WORK INSTRUCTION: Within the listing below, how many lines hold the string "Editable"? Only the number should be given.

##### DATA SHOWN

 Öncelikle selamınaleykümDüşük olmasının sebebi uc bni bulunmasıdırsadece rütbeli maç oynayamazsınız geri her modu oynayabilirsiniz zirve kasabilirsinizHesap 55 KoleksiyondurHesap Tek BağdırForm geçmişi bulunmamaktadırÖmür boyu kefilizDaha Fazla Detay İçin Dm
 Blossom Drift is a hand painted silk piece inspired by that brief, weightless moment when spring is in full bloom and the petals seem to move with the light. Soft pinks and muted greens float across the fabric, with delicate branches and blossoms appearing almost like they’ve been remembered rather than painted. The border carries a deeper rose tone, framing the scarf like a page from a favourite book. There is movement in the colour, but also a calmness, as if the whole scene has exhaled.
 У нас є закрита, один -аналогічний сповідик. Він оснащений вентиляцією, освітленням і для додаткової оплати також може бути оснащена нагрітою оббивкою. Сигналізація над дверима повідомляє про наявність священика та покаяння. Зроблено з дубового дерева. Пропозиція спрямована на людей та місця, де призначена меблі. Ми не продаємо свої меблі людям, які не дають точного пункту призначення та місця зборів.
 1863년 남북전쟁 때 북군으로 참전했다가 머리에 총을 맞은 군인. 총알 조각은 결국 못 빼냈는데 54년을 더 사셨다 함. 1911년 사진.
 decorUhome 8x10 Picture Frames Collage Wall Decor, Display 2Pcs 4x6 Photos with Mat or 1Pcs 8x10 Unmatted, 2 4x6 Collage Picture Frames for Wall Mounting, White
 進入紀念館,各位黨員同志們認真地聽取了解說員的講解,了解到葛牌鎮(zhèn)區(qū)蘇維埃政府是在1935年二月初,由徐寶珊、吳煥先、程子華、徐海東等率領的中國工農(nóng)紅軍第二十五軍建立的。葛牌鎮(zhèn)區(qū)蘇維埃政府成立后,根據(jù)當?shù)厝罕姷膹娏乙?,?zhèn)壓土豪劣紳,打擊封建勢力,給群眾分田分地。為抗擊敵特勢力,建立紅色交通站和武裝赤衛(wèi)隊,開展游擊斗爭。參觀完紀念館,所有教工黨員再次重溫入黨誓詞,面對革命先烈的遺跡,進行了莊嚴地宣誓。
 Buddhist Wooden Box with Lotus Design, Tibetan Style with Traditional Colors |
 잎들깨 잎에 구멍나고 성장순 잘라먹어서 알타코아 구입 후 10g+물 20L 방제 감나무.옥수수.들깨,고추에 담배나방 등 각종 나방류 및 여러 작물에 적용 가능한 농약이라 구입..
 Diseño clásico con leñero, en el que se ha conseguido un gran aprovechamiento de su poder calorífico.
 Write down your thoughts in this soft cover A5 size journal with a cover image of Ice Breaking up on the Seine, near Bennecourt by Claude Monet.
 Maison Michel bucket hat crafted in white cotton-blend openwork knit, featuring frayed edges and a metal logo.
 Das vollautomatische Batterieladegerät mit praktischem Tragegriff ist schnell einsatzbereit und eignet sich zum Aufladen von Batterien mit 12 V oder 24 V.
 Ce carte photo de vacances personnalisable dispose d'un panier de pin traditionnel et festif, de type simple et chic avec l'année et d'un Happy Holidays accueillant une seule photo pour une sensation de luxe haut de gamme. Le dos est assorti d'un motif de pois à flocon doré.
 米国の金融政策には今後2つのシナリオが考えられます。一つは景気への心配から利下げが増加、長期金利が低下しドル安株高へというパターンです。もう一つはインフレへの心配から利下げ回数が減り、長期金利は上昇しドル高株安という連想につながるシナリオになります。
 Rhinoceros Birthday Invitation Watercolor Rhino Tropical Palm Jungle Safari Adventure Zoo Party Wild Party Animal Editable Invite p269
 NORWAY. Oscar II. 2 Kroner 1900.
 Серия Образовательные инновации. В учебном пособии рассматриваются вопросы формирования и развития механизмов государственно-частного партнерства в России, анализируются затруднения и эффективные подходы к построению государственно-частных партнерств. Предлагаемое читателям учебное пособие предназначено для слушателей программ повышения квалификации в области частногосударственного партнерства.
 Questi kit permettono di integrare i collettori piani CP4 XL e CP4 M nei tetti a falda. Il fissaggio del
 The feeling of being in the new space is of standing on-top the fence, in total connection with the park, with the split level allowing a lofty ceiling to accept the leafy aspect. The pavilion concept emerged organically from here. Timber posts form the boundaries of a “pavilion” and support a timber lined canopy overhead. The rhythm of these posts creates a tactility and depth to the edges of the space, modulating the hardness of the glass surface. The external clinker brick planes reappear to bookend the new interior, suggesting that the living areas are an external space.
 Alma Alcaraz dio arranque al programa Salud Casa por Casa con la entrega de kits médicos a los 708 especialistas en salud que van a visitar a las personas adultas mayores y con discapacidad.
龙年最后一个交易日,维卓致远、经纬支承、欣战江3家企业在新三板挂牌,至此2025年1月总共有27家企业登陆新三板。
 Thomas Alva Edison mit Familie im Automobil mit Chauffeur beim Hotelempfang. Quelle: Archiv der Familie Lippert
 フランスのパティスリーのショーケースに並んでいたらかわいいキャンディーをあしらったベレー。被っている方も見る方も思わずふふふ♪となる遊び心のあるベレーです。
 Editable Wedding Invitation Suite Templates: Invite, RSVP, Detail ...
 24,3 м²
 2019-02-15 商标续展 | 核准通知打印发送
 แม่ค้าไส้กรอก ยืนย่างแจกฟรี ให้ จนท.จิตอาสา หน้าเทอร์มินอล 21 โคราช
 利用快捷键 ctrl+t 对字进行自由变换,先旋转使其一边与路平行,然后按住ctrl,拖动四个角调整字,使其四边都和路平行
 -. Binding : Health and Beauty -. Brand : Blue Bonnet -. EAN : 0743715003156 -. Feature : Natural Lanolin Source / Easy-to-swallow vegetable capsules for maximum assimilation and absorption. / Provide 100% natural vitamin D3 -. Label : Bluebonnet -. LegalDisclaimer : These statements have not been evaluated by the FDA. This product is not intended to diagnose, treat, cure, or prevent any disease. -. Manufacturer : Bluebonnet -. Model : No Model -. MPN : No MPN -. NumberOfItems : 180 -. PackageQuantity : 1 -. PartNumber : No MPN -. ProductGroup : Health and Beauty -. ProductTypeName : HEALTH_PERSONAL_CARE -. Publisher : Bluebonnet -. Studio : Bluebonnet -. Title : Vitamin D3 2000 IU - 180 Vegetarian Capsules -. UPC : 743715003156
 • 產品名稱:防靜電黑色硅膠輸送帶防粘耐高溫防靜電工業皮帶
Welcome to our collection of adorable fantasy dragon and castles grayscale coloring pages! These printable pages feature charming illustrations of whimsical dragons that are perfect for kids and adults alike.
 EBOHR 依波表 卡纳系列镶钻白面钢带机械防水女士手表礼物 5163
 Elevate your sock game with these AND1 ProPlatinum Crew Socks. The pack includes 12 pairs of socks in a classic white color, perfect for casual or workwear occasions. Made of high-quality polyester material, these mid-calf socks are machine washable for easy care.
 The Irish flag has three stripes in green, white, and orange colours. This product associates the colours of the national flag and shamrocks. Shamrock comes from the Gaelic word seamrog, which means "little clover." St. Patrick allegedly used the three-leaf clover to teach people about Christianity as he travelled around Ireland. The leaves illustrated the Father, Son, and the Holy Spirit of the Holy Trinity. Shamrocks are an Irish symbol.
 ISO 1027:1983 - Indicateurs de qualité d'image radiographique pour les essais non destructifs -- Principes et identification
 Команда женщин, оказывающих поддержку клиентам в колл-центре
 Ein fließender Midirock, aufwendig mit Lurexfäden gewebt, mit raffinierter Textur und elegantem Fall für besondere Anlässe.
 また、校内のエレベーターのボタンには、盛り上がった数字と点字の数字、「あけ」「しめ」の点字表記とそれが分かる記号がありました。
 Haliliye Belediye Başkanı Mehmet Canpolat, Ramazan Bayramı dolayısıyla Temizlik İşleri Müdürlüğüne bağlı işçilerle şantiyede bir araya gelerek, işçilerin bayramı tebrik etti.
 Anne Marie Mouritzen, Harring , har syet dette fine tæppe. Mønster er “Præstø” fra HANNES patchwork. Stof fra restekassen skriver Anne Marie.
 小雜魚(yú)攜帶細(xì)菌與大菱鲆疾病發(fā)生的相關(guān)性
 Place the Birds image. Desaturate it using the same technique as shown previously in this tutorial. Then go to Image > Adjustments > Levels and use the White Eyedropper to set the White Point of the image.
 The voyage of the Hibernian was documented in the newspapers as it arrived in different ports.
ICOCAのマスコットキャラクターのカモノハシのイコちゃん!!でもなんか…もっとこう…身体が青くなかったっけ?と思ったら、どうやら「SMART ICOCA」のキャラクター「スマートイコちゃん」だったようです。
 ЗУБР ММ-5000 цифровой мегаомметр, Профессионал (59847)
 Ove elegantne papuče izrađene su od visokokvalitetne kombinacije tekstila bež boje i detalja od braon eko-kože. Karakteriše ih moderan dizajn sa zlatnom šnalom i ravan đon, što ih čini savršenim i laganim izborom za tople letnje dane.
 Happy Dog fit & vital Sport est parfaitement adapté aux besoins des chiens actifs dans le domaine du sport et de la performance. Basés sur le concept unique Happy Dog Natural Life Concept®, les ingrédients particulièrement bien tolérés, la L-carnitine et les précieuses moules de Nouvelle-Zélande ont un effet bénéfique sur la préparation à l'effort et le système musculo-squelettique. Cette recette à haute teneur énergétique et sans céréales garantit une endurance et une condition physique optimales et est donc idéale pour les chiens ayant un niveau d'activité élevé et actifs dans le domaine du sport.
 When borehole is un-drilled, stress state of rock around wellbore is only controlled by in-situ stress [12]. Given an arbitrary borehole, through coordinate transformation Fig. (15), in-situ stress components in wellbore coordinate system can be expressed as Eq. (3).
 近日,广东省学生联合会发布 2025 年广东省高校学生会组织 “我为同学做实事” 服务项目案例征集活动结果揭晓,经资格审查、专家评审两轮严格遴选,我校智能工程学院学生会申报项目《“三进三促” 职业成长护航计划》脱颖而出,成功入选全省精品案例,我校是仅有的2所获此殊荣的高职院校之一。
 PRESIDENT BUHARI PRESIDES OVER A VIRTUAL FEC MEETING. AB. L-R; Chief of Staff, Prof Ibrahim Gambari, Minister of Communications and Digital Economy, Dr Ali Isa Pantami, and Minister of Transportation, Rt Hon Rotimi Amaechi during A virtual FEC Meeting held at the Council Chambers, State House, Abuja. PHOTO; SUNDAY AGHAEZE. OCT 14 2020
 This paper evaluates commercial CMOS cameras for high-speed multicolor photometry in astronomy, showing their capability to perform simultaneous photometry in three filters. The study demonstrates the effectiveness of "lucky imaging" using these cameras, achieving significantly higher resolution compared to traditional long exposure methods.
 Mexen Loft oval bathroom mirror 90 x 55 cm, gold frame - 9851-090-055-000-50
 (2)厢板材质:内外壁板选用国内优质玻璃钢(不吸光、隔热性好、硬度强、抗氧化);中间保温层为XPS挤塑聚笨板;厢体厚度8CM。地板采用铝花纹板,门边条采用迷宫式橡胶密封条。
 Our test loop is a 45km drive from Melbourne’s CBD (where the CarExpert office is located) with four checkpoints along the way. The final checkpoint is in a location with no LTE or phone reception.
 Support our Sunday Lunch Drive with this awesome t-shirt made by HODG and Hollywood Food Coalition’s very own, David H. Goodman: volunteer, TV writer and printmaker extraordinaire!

##########

THE ANSWER: 2